Звягинцев внимательно посмотрел в насторожившиеся глава Пастухова и поспешил успокоить его:

— Нет, друг мой, я хорошо понимаю — пережитое и выстраданное нами не прошло даром. И наша Луга, и твоя Невская Дубровка, и мой Волхов — все недаром. И хоть нет наших с тобой имен в сообщении о разгроме немцев под Москвой, а и к этому мы причастны. Но сколько еще километров гнать надо немцев!

— Ты как, до границы считаешь?

— А как же!

— Некоторые считают до своего дома. А если дома уже нет, то до знакомой с детства березки.

— А у тебя какой счет?

— До победы.

— До победы… — задумчиво повторил Звягинцев. — Фашистов крушить до победы — это бесспорно, тут и рассуждать не о чем. Но как ты себе представляешь нашу победу?

— Странный вопрос, — пожал плечами Пастухов. — Победа — это полный разгром фашизма. Осиновый кол в змеиное его гнездо.
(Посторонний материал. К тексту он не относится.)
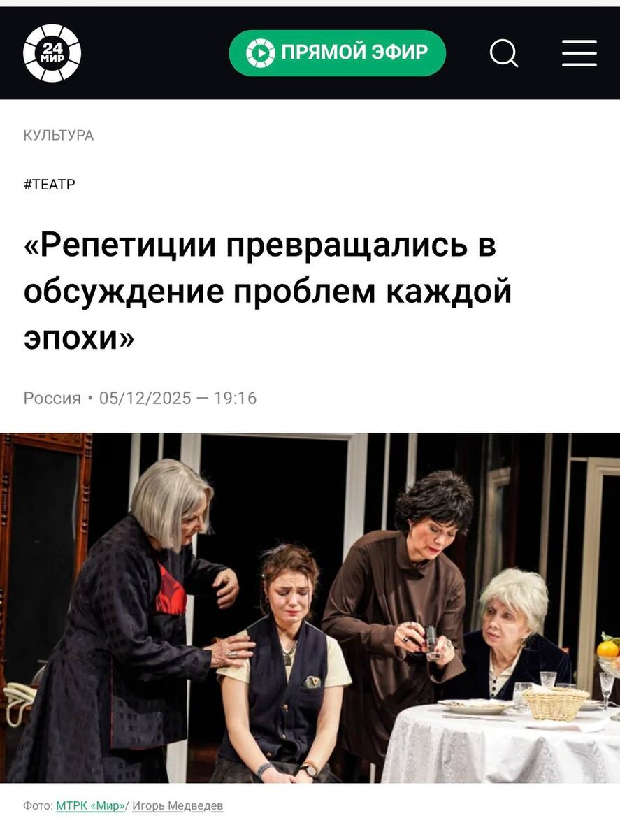 MIR24.TV рассказывает о премьере «Москвичек»: «Пьеса настолько актуальна, что иногда не покидает ощущение – просто убрали четвертую стену на

— И то верно. Только не кажется ли тебе, комиссар, что сейчас победа у людей связывается не только с этим… общим? А и с чем-то другим, личным?

— Не понимаю.

— Ну как тебе это объяснить… Все, о чем человек мечтал и что разбила война, непременно вернется… или сбудется… Сбудется, точнее.

— Без победы не сбудется.

— Конечно же! Но сама победа при этом становится чем-то… личным, что ли. По крайней мере для меня так. И для тебя, уверен, и для Суровцева… Кстати, ты знаешь что-нибудь о Суровцеве?

— После ранения на «пятачке» не видел его.

— Эх ты, а еще комиссар! Суровцев после ранения в этом самом госпитале лежал.

— Быть того не может! — воскликнул Пастухов. — А сейчас где же он?

— А сейчас… — Звягинцев запнулся. Ему не хотелось говорить Пастухову о той страшной работе, на которую обречен Суровцев. — Ну, словом, в Ленинграде, — закончил он. — Служит в одной части.

— Да откуда ты все это знаешь?

— От Веры.

— Веры? — переспросил Пастухов. — Королевой, что ли? Так ты и ее знаешь? Погоди… Она тут как-то у меня отпрашивалась — знакомый, говорит, с фронта приехал… Уж не ты ли?

— Я, старший политрук, я.

— Погоди, — все так же ошеломленно продолжал Пастухов. — Помню, мы с тобой в лесу разговор вели о дочке комиссаровой, которая к немцам попала… Она?

— Она, Пастухов…

— Тогда последний вопрос: кто она тебе теперь? Ну… без особых подробностей… Жена?